-- Exercise data follows --

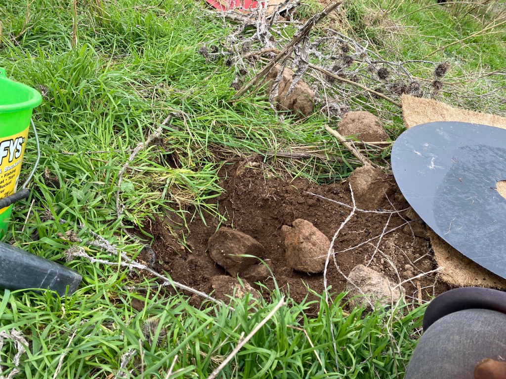 First we had to go back and find the trees that didn’t quite make it from last year. I’ve now conclusively established that Phalaris grass is a killer of young native trees, and has to be sprayed out to stop it doing that . The only other grass that is a similar problem is couch. Otherwise the mulch maps are effective. We had to re-do 80 in one of last year’s windbreaks, but the main area along the pine line was in very good shape (no Phalaris).
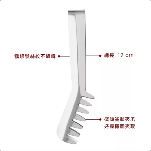 本商品一件入、適用洗碗機;請遠離直接火源、料理時請勿長時間將握柄靠至鍋緣,可能受損或高溫燙傷。料理或分食細長的義大利麵條時,您最需要一款抓力強的餐夾。霧銀髮絲紋不鏽鋼質感,略微傾斜角度搭配齒狀夾爪,好拿握且輔助穩固夾取麵條,是廚房不可或缺的好幫手;可吊掛收納省空間。
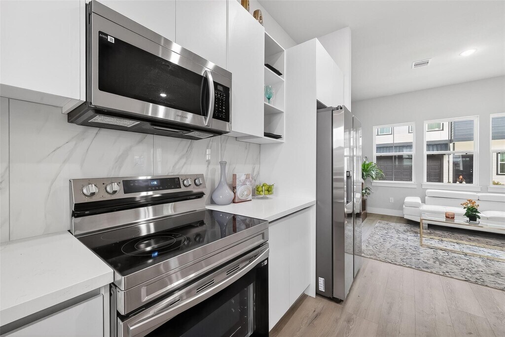 As the Model Home in the upscale,gated Metro Village community,built in 2025 by Luminous Homes,this brand-new two-story residence is ideally located just minutes from Bellaire Blvd and Little Saigon,with convenient access to Highway 6,Westpark Tollway,Beltway 8,and I-10,as well as nearby shopping and dining. Showcasing modern design and quality finishes,the home features 4 spacious bedrooms and 3 bathrooms,offering comfort and functionality for everyday living. The first floor presents an open-concept layout connecting the living area and kitchen—perfect for entertaining and daily activities. The sleek,contemporary kitchen includes quartz countertops,soft-close cabinetry,and ENERGY STAR–rated appliances for both style and efficiency. All bedrooms are thoughtfully situated on the second floor,creating a private retreat. This is a rare opportunity to own the model home in a prime,highly desirable location. The home is fully staged and available for lease unfurnished MLS# 73324944
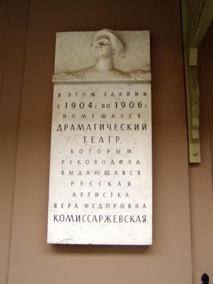 Мемориальная доска - здание театра им. В. Ф. Комиссаржевской, Итальянская улица, 19.
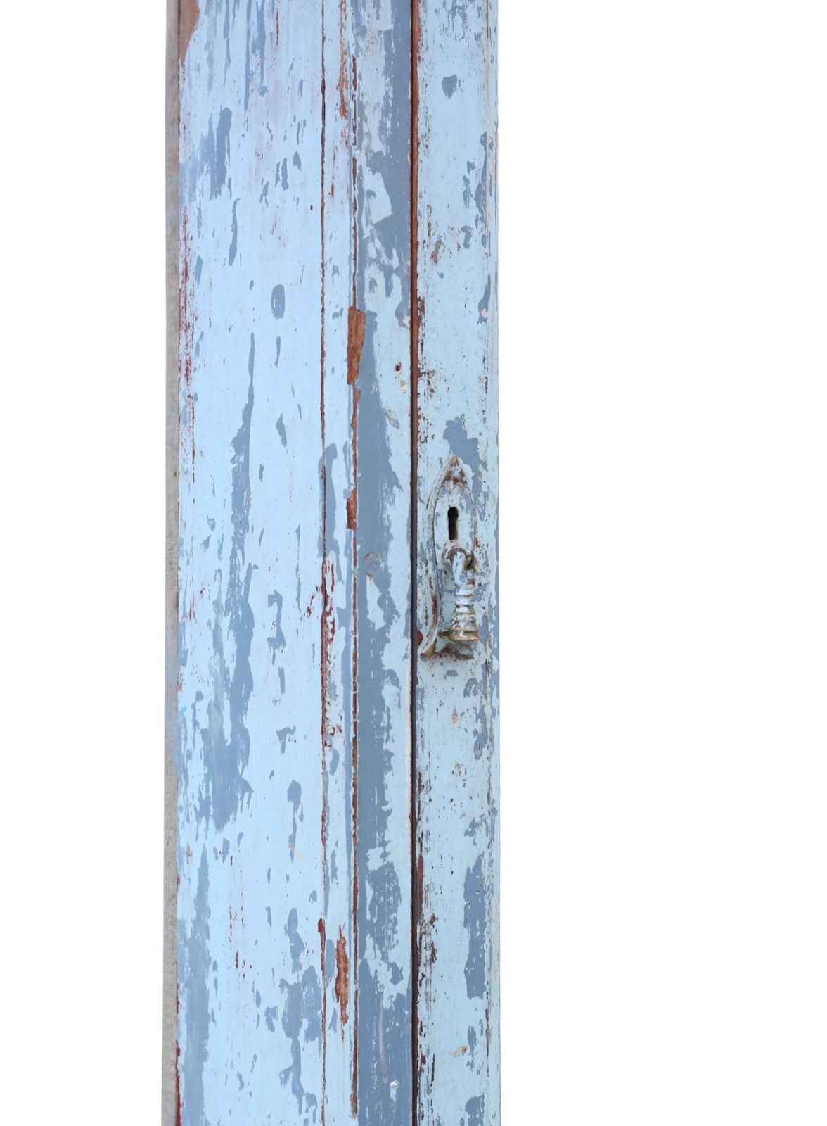Full of authentic charm and character, this rare antique cabinet cupboard would complement a period, contemporary, or country-inspired interior wonderfully. Designed to be hung on the wall, it features two shelves inside and practical hangers on the back for easy installation. Distressed blue paint contributes to its rustic finish; the inside of the cabinet can be repainted if desired.

-- Exercise data concluded --

Work to complete: Set down exactly the lines running from the beginning of the entries above to the line that contains "Мемориальная доска - здание", including both, and leave out pictures.

Solution:
 First we had to go back and find the trees that didn’t quite make it from last year. I’ve now conclusively established that Phalaris grass is a killer of young native trees, and has to be sprayed out to stop it doing that . The only other grass that is a similar problem is couch. Otherwise the mulch maps are effective. We had to re-do 80 in one of last year’s windbreaks, but the main area along the pine line was in very good shape (no Phalaris).
 本商品一件入、適用洗碗機;請遠離直接火源、料理時請勿長時間將握柄靠至鍋緣,可能受損或高溫燙傷。料理或分食細長的義大利麵條時,您最需要一款抓力強的餐夾。霧銀髮絲紋不鏽鋼質感,略微傾斜角度搭配齒狀夾爪,好拿握且輔助穩固夾取麵條,是廚房不可或缺的好幫手;可吊掛收納省空間。
 As the Model Home in the upscale,gated Metro Village community,built in 2025 by Luminous Homes,this brand-new two-story residence is ideally located just minutes from Bellaire Blvd and Little Saigon,with convenient access to Highway 6,Westpark Tollway,Beltway 8,and I-10,as well as nearby shopping and dining. Showcasing modern design and quality finishes,the home features 4 spacious bedrooms and 3 bathrooms,offering comfort and functionality for everyday living. The first floor presents an open-concept layout connecting the living area and kitchen—perfect for entertaining and daily activities. The sleek,contemporary kitchen includes quartz countertops,soft-close cabinetry,and ENERGY STAR–rated appliances for both style and efficiency. All bedrooms are thoughtfully situated on the second floor,creating a private retreat. This is a rare opportunity to own the model home in a prime,highly desirable location. The home is fully staged and available for lease unfurnished MLS# 73324944
 Мемориальная доска - здание театра им. В. Ф. Комиссаржевской, Итальянская улица, 19.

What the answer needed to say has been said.